The problem arises because we (correctly, I think) bail out of SimplifyDemandedVectorElts() if a value has multiple uses. But then we call recognizeIdentityMask() which ignores undef shuffle mask elements. That means we might replace a shuffle with an insertelement that doesn't need to exist. At that point, there's no going back - we've lost the information (via the shuffle mask) that would have let any other transforms know that the insertelement was not actually needed. If we don't ignore undefs in recognizeIdentityMask(), we'll currently fail to simplify several other patterns, so chasing down all of those didn't seem like a better option.

This can manifest as bad codegen for things like horizontal ops (PR34111) because the bogus inserts in IR can't be ignored by the SLP vectorizer, and then the backend doesn't have enough pattern matching to see the redundancies:

define <4 x float> @add_ps_002(<4 x float> %a) {
  %a0 = extractelement <4 x float> %a, i32 0
  %a1 = extractelement <4 x float> %a, i32 1
  %a2 = extractelement <4 x float> %a, i32 2
  %a3 = extractelement <4 x float> %a, i32 3
  %a0_again = extractelement <4 x float> %a, i32 0
  %a1_again = extractelement <4 x float> %a, i32 1
  %a2_again = extractelement <4 x float> %a, i32 2
  %a3_again = extractelement <4 x float> %a, i32 3
  %add01 = fadd float %a0, %a1
  %add23 = fadd float %a2, %a3
  %add01_again = fadd float %a0_again, %a1_again
  %add23_again = fadd float %a2_again, %a3_again
  %out0 = insertelement <4 x float> undef, float %add01, i32 0
  %out01 = insertelement <4 x float> %out0, float %add23, i32 1
  %out012 = insertelement <4 x float> %out01, float %add01_again, i32 2
  %out0123 = insertelement <4 x float> %out012, float %add23_again, i32 3
  %shuffle = shufflevector <4 x float> %out0123, <4 x float> %a, <4 x i32> <i32 0, i32 1, i32 undef, i32 undef>
  ret <4 x float> %shuffle
}

$ ./opt -instcombine -slp-vectorizer -instcombine -S hadd_bogus_undef.ll | ./llc -o - -mattr=avx

vmovshdup	%xmm0, %xmm1    ## xmm1 = xmm0[1,1,3,3] <-- didn't need that...
vaddss	%xmm1, %xmm0, %xmm1   <--- or that...
vhaddps	%xmm0, %xmm0, %xmm0
vinsertps	$32, %xmm1, %xmm0, %xmm0 ## xmm0 = xmm0[0,1],xmm1[0],xmm0[3]  <-- or that

Diff Detail

Repository
rL LLVM

Event Timeline

spatel created this revision.Aug 28 2017, 3:15 PM
craig.topper edited edge metadata.Aug 28 2017, 4:35 PM

Why doesn't SimplifyDemandedBits drop %out012? It doesn't have multiple users.
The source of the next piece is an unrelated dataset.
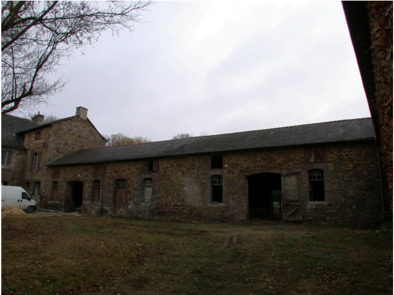
Aile de communs perpendiculaire au logis

It looks like once we evaluate %out0123 in SimplifyDemandedVectorElts, we stop the recursion right there and don't go back any further. This might have been ok if visitShuffleVectorInst had immediately returned based on SimplifyDemandedVectorElts returning non-null. If it had we would have re-added the shuffle to the worklist and reevaluated the SimplifyDemandedVectorElts again. But instead it just sets a MadeChange flag and goes on.

Oh the use count is high because we haven't DCEd the insert_element we bypassed yet.

Oh the use count is high because we haven't DCEd the insert_element we bypassed yet.

Right - I played around with returning early instead of setting MadeChange, but it didn't change anything in my experiments.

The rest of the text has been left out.